Unclear error when there is not enough space left #2255

nicolasvienot · 2022-03-21T17:17:06Z

Describe the bug
When trying to index documents in a kubernetes volume that does not have enough space left, Meilisearch returns the following error:

{
      “details”: {
        “indexedDocuments”: 0,
        “receivedDocuments”: 46206
      },
      “duration”: “PT512.665928885S”,
      “enqueuedAt”: “2022-03-17T14:58:24.465745303Z”,
      “error”: {
        “code”: “internal”,
        “link”: “https://docs.meilisearch.com/errors#internal”,
        “message”: “I/O error (os error 5)“,
        “type”: “internal”
      },
      “finishedAt”: “2022-03-17T15:06:57.168374834Z”,
      “indexUid”: “bgg”,
      “startedAt”: “2022-03-17T14:58:24.502445949Z”,
      “status”: “failed”,
      “type”: “documentAddition”,
      “uid”: 3
}

This error might also happen outside of a kubernetes environment, not tested.

To Reproduce
Steps to reproduce the behavior:

Create a Meilisearch instance in a Kubernetes cluster and use a persistent volume to store the data.ms
Index documents until the volume is full

Expected behavior
A clear error that is documented should be returned

Meilisearch version:
v0.26.0

EDIT from @curquiza

How?

When Meilisearch does not have enough place on the machine, you get the following error":

{
    "message": "I/O error (os error 5).",
    "code": "internal",
    "type": "internal",
    "link": "https://docs.meilisearch.com/errors#internal"
}

We want to replace

the code (not type) internal by no_space_left_on_device
the link #internal by #no_space_left_on_device

⚠️ This is what the specification already mentioned and it looks like Meilisearch does not follow it yet: https://github.com/meilisearch/specifications/blob/main/text/0061-error-format-and-definitions.md#no_space_left_on_device

Impacted teams

Since this error is already in the spec (and so in the docs) and supposed to exist, no ping to do.
https://docs.meilisearch.com/reference/errors/error_codes.html#no-space-left-on-device

The text was updated successfully, but these errors were encountered:

MarinPostma · 2022-03-21T18:43:27Z

Uhm, this error is probably triggered when a file is being written to disk, alas, the only thing we can know is that a write as failed, so I'm not so sure how we could improve that... @meilisearch/core-team any idea?

Kerollmops · 2022-03-22T17:29:08Z

@MarinPostma This error is returned by LMDB when the library tried to get a page from the free list and failed.

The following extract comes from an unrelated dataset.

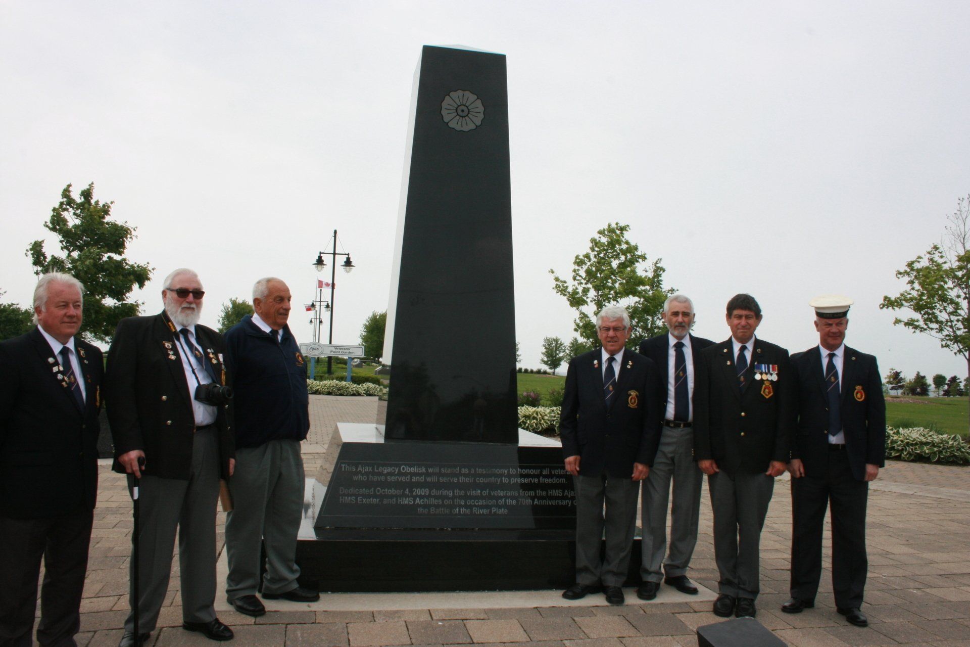 In October 1999 the 60th Anniversary of the Battle of the River Plate was marked in Ajax with the veterans' association's annual reunion. Many activities were held during the week, including dedication of the Harwood Point Historical Garden, a flypast of a Canadian Forces plane, tree planting ceremonies, and a parade. The town had a total of 65 visitors, including 12 veterans who served on HMS Ajax at the Battle in December 1939. There were also crew members from the Achilles and Exeter, along with family members and other representatives. The 70th Anniversary of the Battle of the River Plate was celebrated in October 2009. Notable events included dedication of a memorial Obelisk at Veteran’s Point, gala dinner & dance, Toronto Harbour boat cruise and historical town bus tour.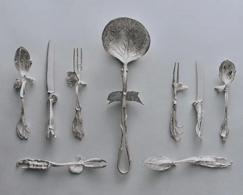 克劳德·拉兰内 (1925-2019) “伊奥拉斯”餐具,约1966年制,银,一套60件,最大:长 36.3 cm.。估价:70,000 - 90,000 美元。此拍品将于12月7日佳士得纽约“雕刻天堂:玛丽·拉兰内珍藏拍卖”中呈献

I think that it is the OS that returns that error from the memory mapping system. I don't really know what we can do but maybe add this input/ouput error in the list of errors of the documentation for now?

MarinPostma · 2022-03-22T17:35:19Z

This is an os error, don't you think that it could also be thrown when writing to a grenad file?

Kerollmops · 2022-03-23T09:45:08Z

Indeed, it seems like it could be thrown by grenad or anything that is trying to write on a disk that is full. I thought that the error could have been StorageFull or OutOfMemory.

So, I don't know if we can catch the error code and categorize the message as a NoMoreSpaceOnDevice user error?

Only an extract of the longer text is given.